Your task: Each line below should be retyped exactly, with no pictures.

Given information:
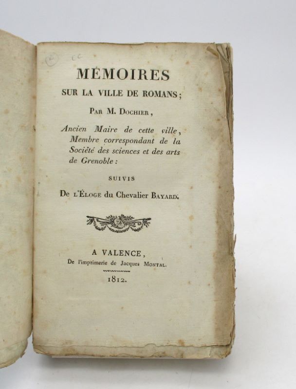 ![Image supplémentaire du livre Estimation du livre « mémoires sur la ville de Romans ; par M. Dochier, ancien maire de cette ville […]. Suivis de L’Eloge du Chevalier Bayard. »](https://lafrancaisedulivre.com/wp-content/uploads/17009_1.jpg)
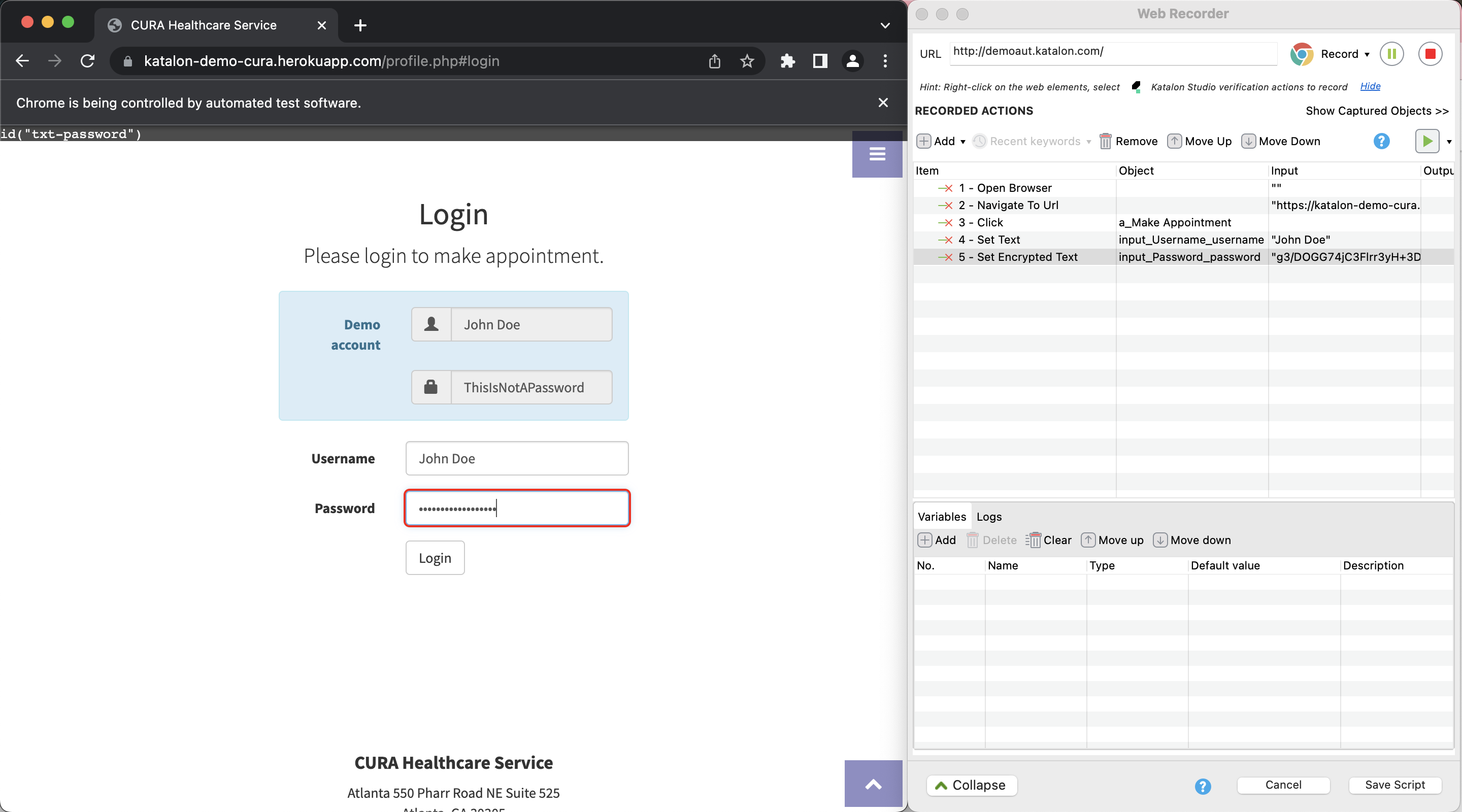 - Interact with the web page. In this example, user signs in with the provided credentials. The recorded steps are generated automatically in Recorded Actions. When user types in a password in the Password field, Katalon Web Recorder uses the Set Encrypted Text keyword automatically. The input value is encrypted to ensure security.
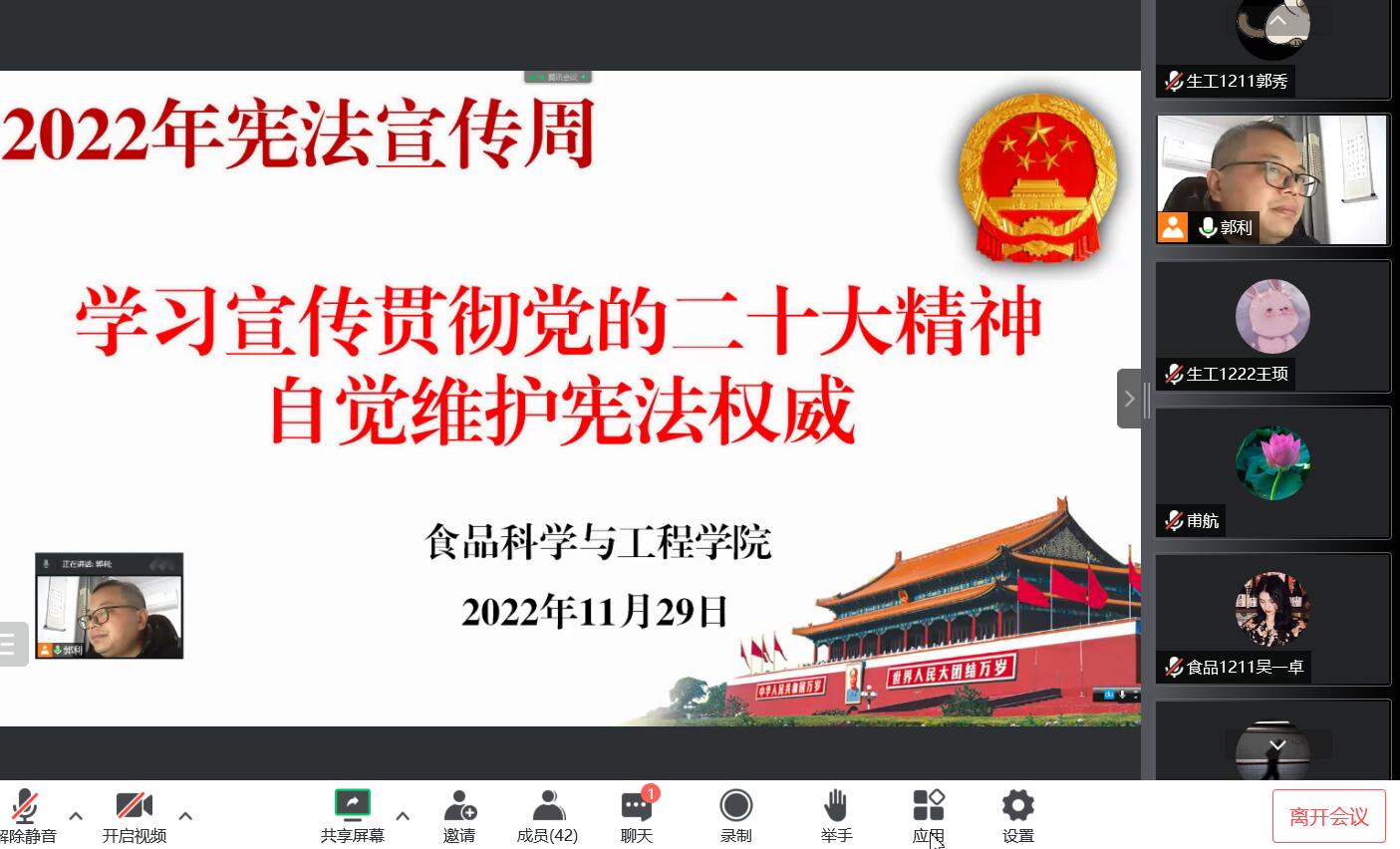 为认真学习宣传宪法,弘扬宪法精神,维护宪法权威,进一步营造学习宪法、民法典、教育法以及疫情防控等相关法律法规的浓厚氛围。11月29日晚上,在第9个国家宪法日到来之际,bevictor伟德在线上举办“学习宣传贯彻党的二十大精神,自觉维护宪法权威”宪法宣传周专题讲座。公司党总支副书记郭利主讲,2022年青马工程培训班全体学员参加。

Expected answer:
 ![Image supplémentaire du livre Estimation du livre « mémoires sur la ville de Romans ; par M. Dochier, ancien maire de cette ville […]. Suivis de L’Eloge du Chevalier Bayard. »](https://lafrancaisedulivre.com/wp-content/uploads/17009_1.jpg)
 - Interact with the web page. In this example, user signs in with the provided credentials. The recorded steps are generated automatically in Recorded Actions. When user types in a password in the Password field, Katalon Web Recorder uses the Set Encrypted Text keyword automatically. The input value is encrypted to ensure security.
 为认真学习宣传宪法,弘扬宪法精神,维护宪法权威,进一步营造学习宪法、民法典、教育法以及疫情防控等相关法律法规的浓厚氛围。11月29日晚上,在第9个国家宪法日到来之际,bevictor伟德在线上举办“学习宣传贯彻党的二十大精神,自觉维护宪法权威”宪法宣传周专题讲座。公司党总支副书记郭利主讲,2022年青马工程培训班全体学员参加。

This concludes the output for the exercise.